• [Exercise aim]: The records that follow are to be printed exactly, with no images.

Collected data
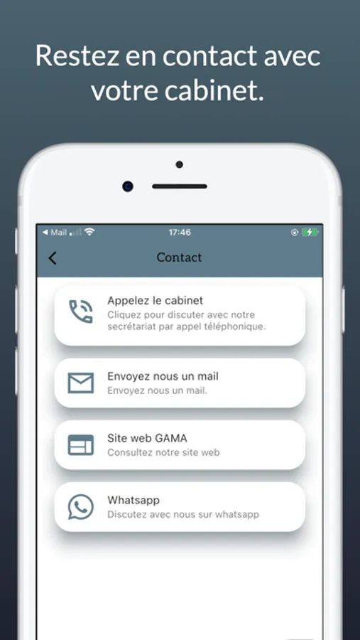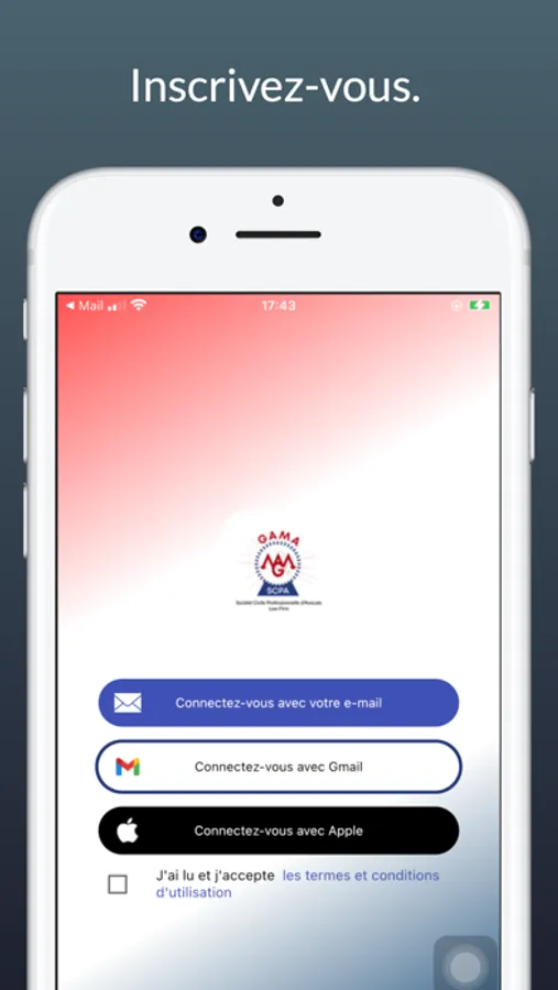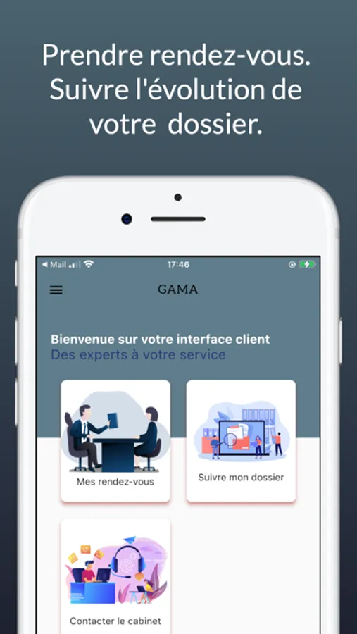 Application client de la société civile professionnelle d'avocats GAMA destinée au suivi de dossier, les dates de renvoi d'audience et les prises de rendez-vous.
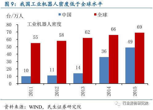 我国工业机器人密度仍偏低。从工业机器人的普及使用情况看,截止2015年我国每万人拥有工业机器人的数量已升至49台,虽然仍显著低于全球每万人69台,但较2011年我国每万人10台已有显著提升,目前水平已接近2010年时全球的每万人50台。
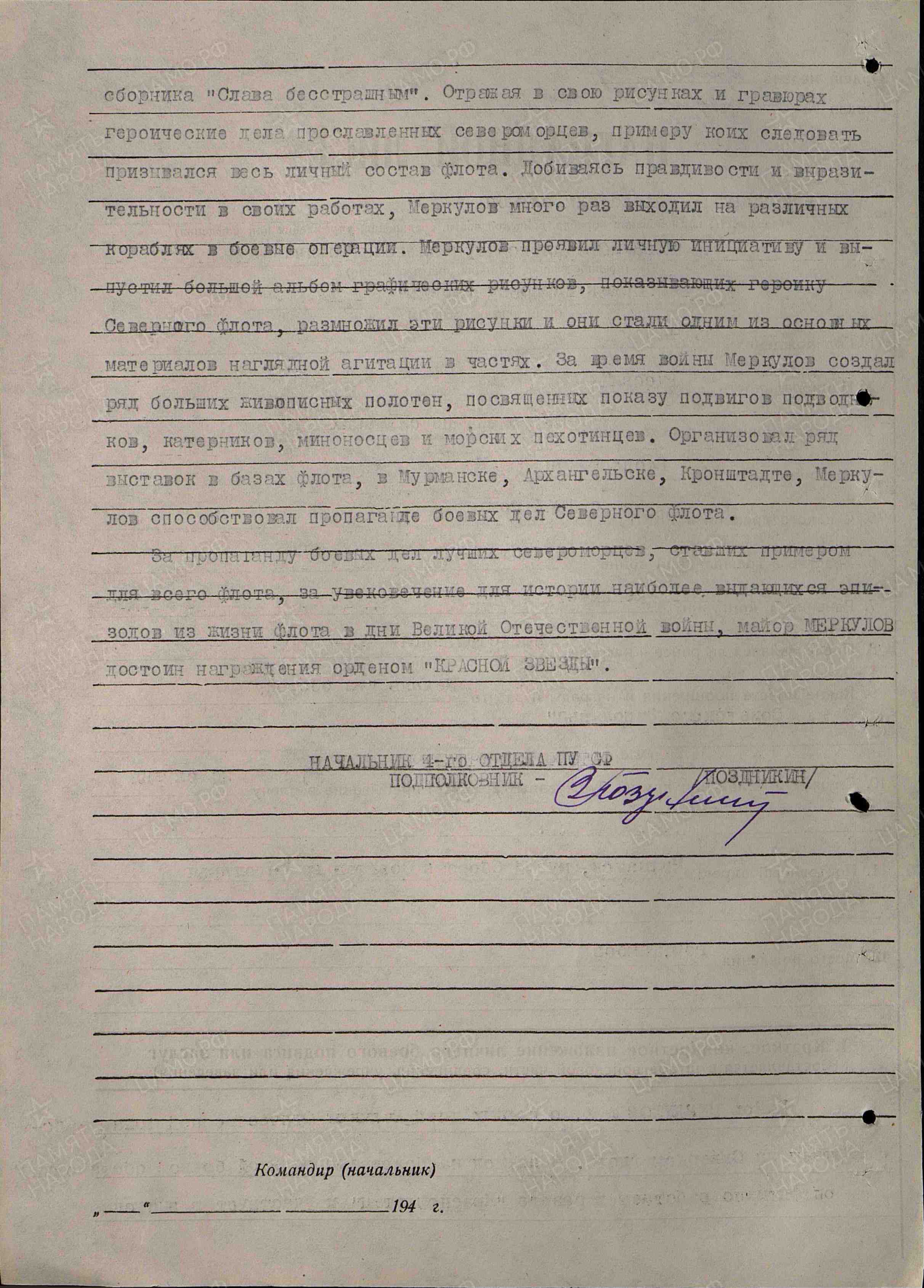 Меркулов Александр Александрович (1904, г. Тамбов – 1973), художник. Окончил Центр. курсы Ассоциации художников революции (1928). С 1918 – столяр, рабочий в совхозе, техник, в 1930-х – участник высокоширотных эксп. на судах «Персей» (1934), «Таймыр» (1936–1937), «Малыгин» (1938), во время кот. побывал на Нов. Земле, Шпицбергене, Земле Франца-Иосифа, в Гренландии, на Ян-Майене и др.; в 1940–1945 – штатный художник Политупр. СФ. Автор более 1500 картин, гравюр, рисунков, плакатов, в перв. очередь посвященных Северу, среди кот. наиболее известны картины «Ледяное безмолвие», «Земля Франца-Иосифа. Бухта Тихая», «Шпицберген. Советский рудник», «У пирса», «В поход», «К бою готовы», «Вернулись из похода подлодки», а также серия картин «Покоренная Арктика» (1950-е). Участник выставок «Индустрия социализма», «20 лет ВЛКСМ», «20 лет РККА» и мн. др. персональных выставок. Участник Вел. Отеч. войны, обороны Сов. Заполярья, Петсамо-Киркенесской наступательной операции, боевых походов кораблей СФ, боевых вылетов. Руководитель маскировки кораблей. Один из авторов сатирических плакатов «Таран» и «Окна «Полярной правды». Автор линогравюр, публиковавшихся в газ. «Краснофлотец», «Северная вахта», «В бой за Родину», «Полярная правда». Оформитель сборников «Слава бесстрашным», альбома «СФ в боях за Родину», серии графических зарисовок «Дорога в Киркенес – Норвегию», посвященной наступлению 1944. Автор персональной выставки 1944, побывавшей в Мурманске, Архангельске, Ваенге, Полярном, Кронштадте, кот. посетили более 300 тыс. чел. Перв. пред. обл. Союза сов. художников в г. Мурманске (1944). Заслуженный художник РФСР.
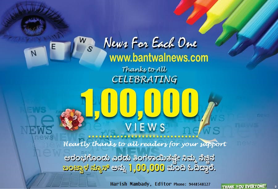 ಸುದ್ದಿ ಕೊಡುವ ಅಸಂಖ್ಯ ಜಾಲತಾಣಗಳ ಮಧ್ಯೆ ಬಂಟ್ವಾಳನ್ಯೂಸ್ ಆರಂಭಗೊಂಡಾಗ ಹತ್ತರೊಟ್ಟಿಗೆ ಹನ್ನೊಂದು ಎಂಬಂತೆ ನೋಡಿದವರೂ ಇದ್ದಾರೆ. ಆದರೆ ಪ್ರತಿದಿನವೂ ಕ್ಲಿಕ್ ಮಾಡ್ತಾರೆ ಎಂಬುದಕ್ಕೆ ಸಾಕ್ಷಿ ಈ ಲೆಕ್ಕ. 1,02,000 ಓದುಗರು ಇದುವರೆಗೆ ಈ ವೆಬ್ ಸೈಟ್ ಕ್ಲಿಕ್ ಮಾಡಿ ಇಲ್ಲಿನ ವಿಚಾರಗಳ ಬಗ್ಗೆ ಮಾಹಿತಿ ಸಂಗ್ರಹಿಸಿದ್ದಾರೆ, ಓದಿ ತಮ್ಮ ಅಭಿಪ್ರಾಯ ತಿಳಿಸಿದ್ದಾರೆ. ವಿಶೇಷವಾಗಿ ದೇಶ, ವಿದೇಶಗಳಲ್ಲಿರುವ ಸ್ನೇಹಿತರನ್ನೊಳಗೊಂಡಂತೆ ಹಲವಾರು ಮಂದಿ ಬಂಟ್ವಾಳ ತಾಲೂಕಿನ ಸುದ್ದಿಗಳ ದೈನಂದಿನ ಅಪ್ ಡೇಟ್ ಕಂಡು ಮೆಚ್ಚಿದ್ದಾರೆ. ಇಷ್ಟು ಅಗಾಧ ಬೆಂಬಲ ದೊರಕುತ್ತಿದೆ  ಎಂದರೆ ಬಂಟ್ವಾಳನ್ಯೂಸ್ ನಿಧಾನವಾಗಿ ಹೆಜ್ಜೆಯೂರುತ್ತಿದೆ ಎಂದರ್ಥ. ಅಂದದ ವೆಬ್ ಡಿಸೈನ್ ಮಾಡಿದ ಆದಿತ್ಯ ಕಲ್ಲೂರಾಯ, ಕಾಲಕಾಲಕ್ಕೆ ಸಲಹೆ ಸೂಚನೆ ಕೊಡುತ್ತಿರುವ ಹಿರಿಯ, ಕಿರಿಯ ಪತ್ರಕರ್ತ ಮಿತ್ರರು, ಕಾಲಂಗಳನ್ನು ನೀಡುವ ಮೂಲಕ ಪ್ರೋತ್ಸಾಹಿಸುತ್ತಿರುವ ಡಾ.ಅಜಕ್ಕಳ ಗಿರೀಶ್ ಭಟ್, ಅನಿತಾ ನರೇಶ್ ಮಂಚಿ, ಬಿ.ತಮ್ಮಯ್ಯ, ಡಾ.ರವಿಶಂಕರ್, ಮೌನೇಶ ವಿಶ್ವಕರ್ಮ, ತೆರೆಮರೆಯಲ್ಲಿದ್ದು ಪ್ರೋತ್ಸಾಹಿಸುತ್ತಿರುವ ಹಲವಾರು ಬಂಧುಗಳು, ಓದುಗರು ಹಾಗೂ ಆರ್ಥಿಕವಾಗಿ ಗಟ್ಟಿಯಾಗಲು ನೆರವಾದ ಜಾಹೀರಾತುದಾರರಿಗೆ ಈ ಮೂಲಕ ನನ್ನ ಹೃದಯಾಂತರಾಳದ ಕೃತಜ್ಞತೆ. ತಾಲೂಕಿನ ಸುದ್ದಿಗಳನ್ನಷ್ಟೇ ಕೇಂದ್ರೀಕೃತವಾಗಿಸಿ ಆರಂಭಗೊಂಡ ಬಂಟ್ವಾಳನ್ಯೂಸ್ ಇಂದು ದಕ್ಷಿಣ ಕನ್ನಡ ಜಿಲ್ಲೆಯ ಪ್ರಮುಖ ಘಟನಾವಳಿಯನ್ನೂ ಒದಗಿಸುವ ಪ್ರಯತ್ನ ಮಾಡುತ್ತಿದೆ. ಇದಕ್ಕೆಲ್ಲ ನಿಮ್ಮ ಹಾರೈಕೆ, ಪ್ರೋತ್ಸಾಹ ಎಂದಿನಂತೆ ಇರಲಿ.
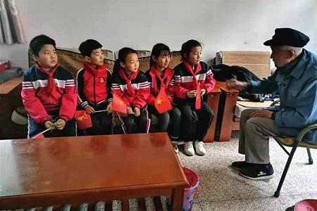 衢州市衢江区廿里镇中心小学组织学生到红军老战士家中听红军故事

• [Task answer]:
 Application client de la société civile professionnelle d'avocats GAMA destinée au suivi de dossier, les dates de renvoi d'audience et les prises de rendez-vous.
 我国工业机器人密度仍偏低。从工业机器人的普及使用情况看,截止2015年我国每万人拥有工业机器人的数量已升至49台,虽然仍显著低于全球每万人69台,但较2011年我国每万人10台已有显著提升,目前水平已接近2010年时全球的每万人50台。
 Меркулов Александр Александрович (1904, г. Тамбов – 1973), художник. Окончил Центр. курсы Ассоциации художников революции (1928). С 1918 – столяр, рабочий в совхозе, техник, в 1930-х – участник высокоширотных эксп. на судах «Персей» (1934), «Таймыр» (1936–1937), «Малыгин» (1938), во время кот. побывал на Нов. Земле, Шпицбергене, Земле Франца-Иосифа, в Гренландии, на Ян-Майене и др.; в 1940–1945 – штатный художник Политупр. СФ. Автор более 1500 картин, гравюр, рисунков, плакатов, в перв. очередь посвященных Северу, среди кот. наиболее известны картины «Ледяное безмолвие», «Земля Франца-Иосифа. Бухта Тихая», «Шпицберген. Советский рудник», «У пирса», «В поход», «К бою готовы», «Вернулись из похода подлодки», а также серия картин «Покоренная Арктика» (1950-е). Участник выставок «Индустрия социализма», «20 лет ВЛКСМ», «20 лет РККА» и мн. др. персональных выставок. Участник Вел. Отеч. войны, обороны Сов. Заполярья, Петсамо-Киркенесской наступательной операции, боевых походов кораблей СФ, боевых вылетов. Руководитель маскировки кораблей. Один из авторов сатирических плакатов «Таран» и «Окна «Полярной правды». Автор линогравюр, публиковавшихся в газ. «Краснофлотец», «Северная вахта», «В бой за Родину», «Полярная правда». Оформитель сборников «Слава бесстрашным», альбома «СФ в боях за Родину», серии графических зарисовок «Дорога в Киркенес – Норвегию», посвященной наступлению 1944. Автор персональной выставки 1944, побывавшей в Мурманске, Архангельске, Ваенге, Полярном, Кронштадте, кот. посетили более 300 тыс. чел. Перв. пред. обл. Союза сов. художников в г. Мурманске (1944). Заслуженный художник РФСР.
 ಸುದ್ದಿ ಕೊಡುವ ಅಸಂಖ್ಯ ಜಾಲತಾಣಗಳ ಮಧ್ಯೆ ಬಂಟ್ವಾಳನ್ಯೂಸ್ ಆರಂಭಗೊಂಡಾಗ ಹತ್ತರೊಟ್ಟಿಗೆ ಹನ್ನೊಂದು ಎಂಬಂತೆ ನೋಡಿದವರೂ ಇದ್ದಾರೆ. ಆದರೆ ಪ್ರತಿದಿನವೂ ಕ್ಲಿಕ್ ಮಾಡ್ತಾರೆ ಎಂಬುದಕ್ಕೆ ಸಾಕ್ಷಿ ಈ ಲೆಕ್ಕ. 1,02,000 ಓದುಗರು ಇದುವರೆಗೆ ಈ ವೆಬ್ ಸೈಟ್ ಕ್ಲಿಕ್ ಮಾಡಿ ಇಲ್ಲಿನ ವಿಚಾರಗಳ ಬಗ್ಗೆ ಮಾಹಿತಿ ಸಂಗ್ರಹಿಸಿದ್ದಾರೆ, ಓದಿ ತಮ್ಮ ಅಭಿಪ್ರಾಯ ತಿಳಿಸಿದ್ದಾರೆ. ವಿಶೇಷವಾಗಿ ದೇಶ, ವಿದೇಶಗಳಲ್ಲಿರುವ ಸ್ನೇಹಿತರನ್ನೊಳಗೊಂಡಂತೆ ಹಲವಾರು ಮಂದಿ ಬಂಟ್ವಾಳ ತಾಲೂಕಿನ ಸುದ್ದಿಗಳ ದೈನಂದಿನ ಅಪ್ ಡೇಟ್ ಕಂಡು ಮೆಚ್ಚಿದ್ದಾರೆ. ಇಷ್ಟು ಅಗಾಧ ಬೆಂಬಲ ದೊರಕುತ್ತಿದೆ  ಎಂದರೆ ಬಂಟ್ವಾಳನ್ಯೂಸ್ ನಿಧಾನವಾಗಿ ಹೆಜ್ಜೆಯೂರುತ್ತಿದೆ ಎಂದರ್ಥ. ಅಂದದ ವೆಬ್ ಡಿಸೈನ್ ಮಾಡಿದ ಆದಿತ್ಯ ಕಲ್ಲೂರಾಯ, ಕಾಲಕಾಲಕ್ಕೆ ಸಲಹೆ ಸೂಚನೆ ಕೊಡುತ್ತಿರುವ ಹಿರಿಯ, ಕಿರಿಯ ಪತ್ರಕರ್ತ ಮಿತ್ರರು, ಕಾಲಂಗಳನ್ನು ನೀಡುವ ಮೂಲಕ ಪ್ರೋತ್ಸಾಹಿಸುತ್ತಿರುವ ಡಾ.ಅಜಕ್ಕಳ ಗಿರೀಶ್ ಭಟ್, ಅನಿತಾ ನರೇಶ್ ಮಂಚಿ, ಬಿ.ತಮ್ಮಯ್ಯ, ಡಾ.ರವಿಶಂಕರ್, ಮೌನೇಶ ವಿಶ್ವಕರ್ಮ, ತೆರೆಮರೆಯಲ್ಲಿದ್ದು ಪ್ರೋತ್ಸಾಹಿಸುತ್ತಿರುವ ಹಲವಾರು ಬಂಧುಗಳು, ಓದುಗರು ಹಾಗೂ ಆರ್ಥಿಕವಾಗಿ ಗಟ್ಟಿಯಾಗಲು ನೆರವಾದ ಜಾಹೀರಾತುದಾರರಿಗೆ ಈ ಮೂಲಕ ನನ್ನ ಹೃದಯಾಂತರಾಳದ ಕೃತಜ್ಞತೆ. ತಾಲೂಕಿನ ಸುದ್ದಿಗಳನ್ನಷ್ಟೇ ಕೇಂದ್ರೀಕೃತವಾಗಿಸಿ ಆರಂಭಗೊಂಡ ಬಂಟ್ವಾಳನ್ಯೂಸ್ ಇಂದು ದಕ್ಷಿಣ ಕನ್ನಡ ಜಿಲ್ಲೆಯ ಪ್ರಮುಖ ಘಟನಾವಳಿಯನ್ನೂ ಒದಗಿಸುವ ಪ್ರಯತ್ನ ಮಾಡುತ್ತಿದೆ. ಇದಕ್ಕೆಲ್ಲ ನಿಮ್ಮ ಹಾರೈಕೆ, ಪ್ರೋತ್ಸಾಹ ಎಂದಿನಂತೆ ಇರಲಿ.
 衢州市衢江区廿里镇中心小学组织学生到红军老战士家中听红军故事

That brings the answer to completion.